§ **EXERCISE**: Write out again the lines from the line with "Left: Ceramic plate" up to and including the line with "Avea & Delta Pockets", exactly as they stand below, and skip any picture.
[TASK INPUTS Boundary: Start]
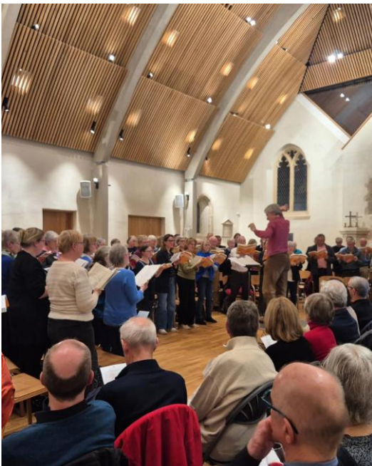
6 — One of our Fantastic Concerts
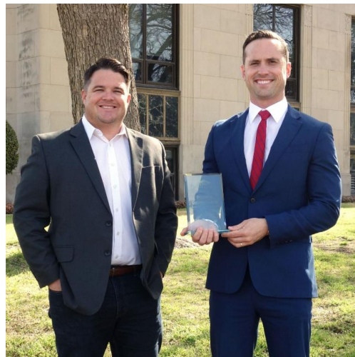
March - City of Waco
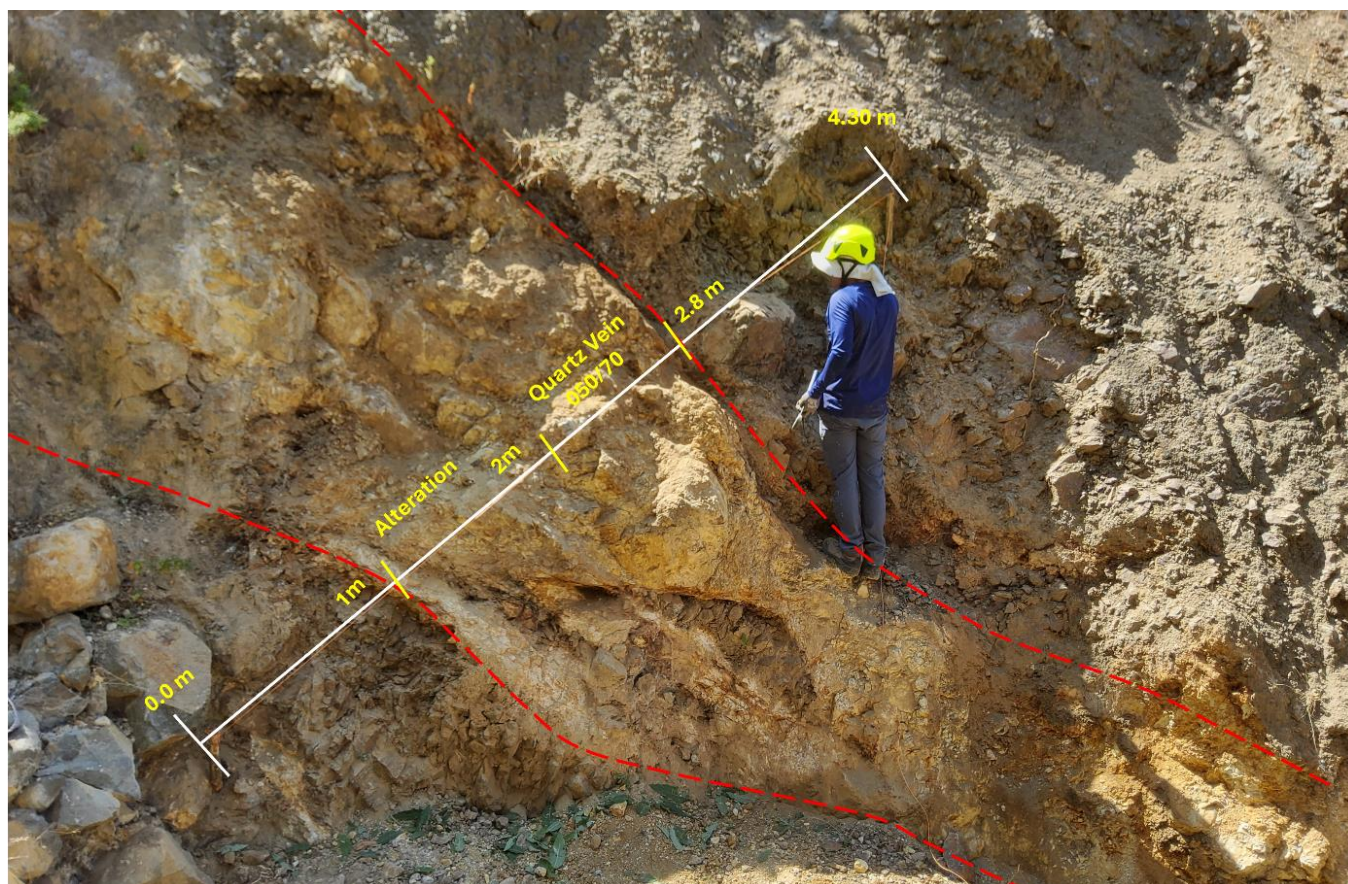
Plate 1: Channel sample IGC24-031 which returned a result of 1.8m @ 4.5 g/t Au, 10.6 g/t Ag from Iguana east, located approximately 100 metres from currently defined resources.
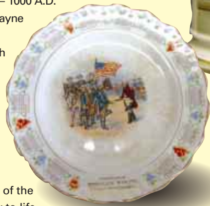
Left: Ceramic plate given as a premium to customers of Herman Wolff who ran a general store on Washington Street in the early twentieth century.
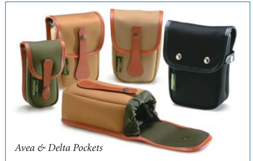
Avea & Delta Pockets

The Pola Stowaway is the same as the Compact and Airline Stowaways, except it is 7 x 3.25 x 8.25" and weighs 10.6 oz. They are available in Black with Black trim (BIPBB), and Black (BIPBT), Khaki (BIPK) and Sage (BIPS) colors with Tan leather trim..... 129.95
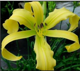
TEN FEET TALL 55",Tet,11.50",Evr,E,Re,UFO TRIMMER 2014 $20
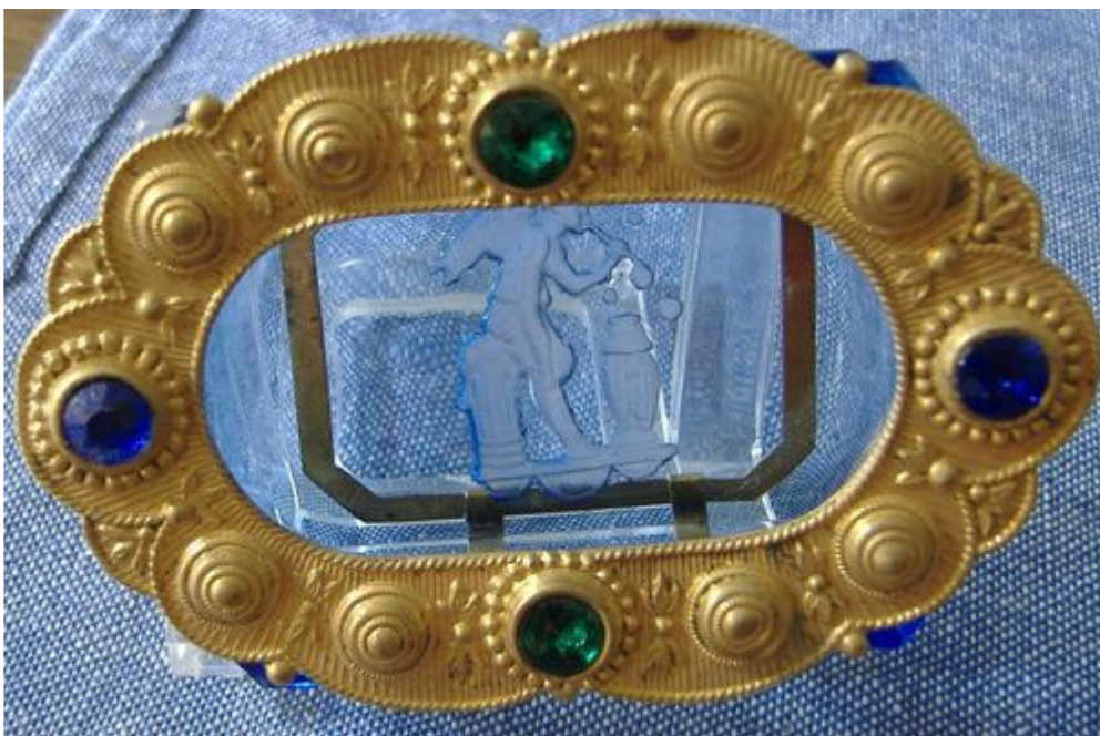
Intaglio in frame
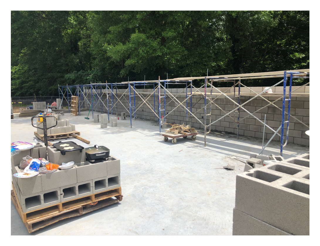
Figure 8 – CMU Work Ongoing
[TASK INPUTS Boundary: End]
§ **ANSWER TO THE EXERCISE**:
Left: Ceramic plate given as a premium to customers of Herman Wolff who ran a general store on Washington Street in the early twentieth century.
Avea & Delta Pockets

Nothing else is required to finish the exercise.